Смотрел правильно: без интереса, без сосредоточенности, с той пустой, расфокусированной скукой, которая дается либо природой, либо многолетней тренировкой. Кепка надвинута на лоб, куртка не первой свежести, руки заскорузлые, с темными ободками под ногтями, которые не отмываются никаким мылом. Это была правда наполовину. Руки действительно не отмывались, потому что за двое суток до выезда Казарин специально работал без перчаток в учебном центре, возясь с прокладками, трубами и ржавыми фитингами. Мастер по маскировке когда-то говорил ему: «Детали лжи должны быть настоящими. Запах мазута не сыграешь, его нужно заработать».

Боковая полка давала обзор на весь вагон. Это был выбор, а не случайность. С нее просматривались оба тамбура, проход и лица пассажиров. Двадцать восемь нижних мест, семнадцать верхних занятых, трое детей, из которых один совсем маленький, года три, не больше. Проводница по имени Надежда Сурмач, крупная женщина лет пятидесяти с «березками»-завитками надо лбом, уже дважды прошла вагон с видом хозяйки, которому нет нужды что-либо объяснять. Здесь ее территория. Здесь ее законы. И если вы этого не понимаете сразу, она найдет способ донести эту мысль.

Власть в поезде устроена по принципу вложенных пирамид. Казарин изучил эту конструкцию достаточно подробно, чтобы знать: Сурмач держит вагон по праву старшинства. Она работала на этом маршруте одиннадцать лет и давно договорилась со всеми, с кем нужно было договариваться. Чай у нее был дороже на пятнадцать рублей, чем положено по прейскуранту, но никто не возражал, потому что Сурмач умела быть полезной. К ней шли с просьбами передвинуть в другое купе, у нее можно было взять таблетку от головы, через нее решался вопрос с соседом, который храпит. Такой человек в замкнутом пространстве стоит дороже любого начальства.
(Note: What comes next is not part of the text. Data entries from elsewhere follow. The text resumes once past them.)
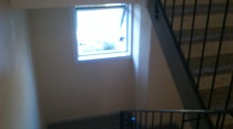 Jeg har også et bilde fra oppgangen der jeg bodde i 1986. Dette fotoet er fra 1987, oppslaget på veggen er vaskeliste for de fire leilighetene i denne etasjen. Her kom datteren min regelmessig sammen med moren sin. Det var også normalt at de kom og besøkte meg, utenom det som var avtalt. Noen ganger ringte datteren min på dørklokka før moren hennes hadde kommet opp trappa.
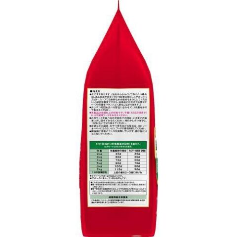 ■保証成分:たんぱく質35.0%以上、脂質8.1%以上、粗繊維5.5%以下、灰分9.0%以下、水分10.0%以下、カルシウム0.9%以上、リン0.7%以上、リノール酸1.0%以上、ビタミンA:550IU/100g以上、ビタミンE:50.0IU/100g以上、ビタミンB1:0.6mg/100g以上、ビタミンB2:0.5mg/100g以上、ビタミンB6:0.5mg/100g以上、マグネシウム:標準値0.075%
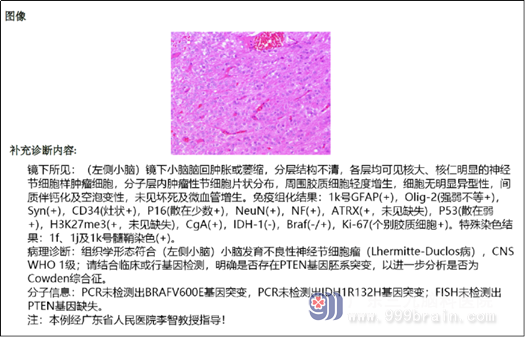 诊疗经过 :2023 年 10 月 18 日在全麻下行扩大后正中倒“L”入路左侧小脑半球 - 脑干占位切除术。手术顺利,术后病理示 :(左侧小脑)小脑发育不良性神经节细胞(Lhermitte-Duclos 病),CNS WHO Ⅰ级 ;PCR 未检测出BRAFV600E 基因突变,PCR 未检测出 IDH1R132H 基因突变 ;FISH 未检测出 PTEN 基因缺失。
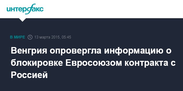 Как сообщает телеканал "Россия-24", он потребовал опубликовать опровержение появившейся ранее в СМИ информации о блокировке сделки. Как сообщила газета Financial Times со ссылкой на источники, ЕС лишил Будапешт атомного контракта с Россией, предусматривающего расширение АЭС. По данным издания, Евросоюз заблокировал контакт в ходе встречи 28 комиссаров от стран-членов ЕС, состоявшейся в Брюсселе на минувшей неделе.
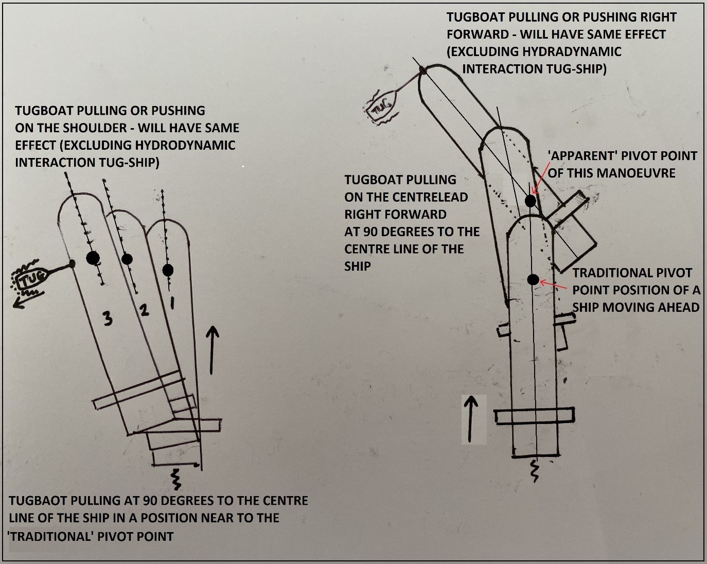 A tug pushing at the position of the pivot point should have no turning effect because there is no lever, but instead may cause sideways movement of the ship if the force is big enough. This idea has been challenged by the new ‘pivot point’ theory.

Начальник поезда, некий Геннадий Чухарев, лицо которого Казарин видел один раз при посадке, представлял собой другой уровень пирамиды: официальный, документальный, почти декоративный. Чухарев отвечал за расписание и дисциплину в теории. На практике он появлялся тогда, когда ситуация выходила за пределы компетенции проводников, то есть крайне редко. Его власть была властью бумаги над живым человеком. Она работала до тех пор, пока живой человек соглашался ее признавать. Третий уровень — пассажирская иерархия, куда более сложная и куда более настоящая.

Купейные пассажиры из соседнего вагона смотрели на плацкарт через разделительную дверь с тем выражением, которое хорошо читается без слов: «Мы заплатили больше, следовательно, мы другие люди». Этот предрассудок не нов и не умен, но он живуч, потому что опирается на нечто более древнее, чем разум, — на потребность в принадлежности к группе, которая выше. Внутри плацкарта социальный порядок строился по другим основаниям. Первыми в этой небольшой республике были командировочные. Двое мужчин в девятом и десятом купе, которые знали друг друга по работе, говорили негромко о каких-то тендерах и занимали пространство уверенно, как занимают знакомую комнату.

За ними шли семьи. Они образовывали микрогосударства, повернутые внутрь себя, со своими едой, разговорами и ритуалами. Затем следовали одиночки, которые делились на тех, кто хотел говорить, и тех, кто хотел, чтобы его оставили в покое. Казарин относился ко второй категории так убедительно, что никто не пытался завести с ним разговор уже второй час. Женщина напротив, молодая, лет двадцати восьми, с ноутбуком на коленях, один раз посмотрела в его сторону и чуть заметно переместилась к краю. Запах мазута делал свое дело. Небритость делала свое дело. Мятая куртка, надвинутая кепка, ботинки с облупившейся подошвой — все это работало безотказно. Люди не смотрят на того, кто им неприятен. Это рефлекс, почти физиологический. Казарин знал его и пользовался им как инструментом.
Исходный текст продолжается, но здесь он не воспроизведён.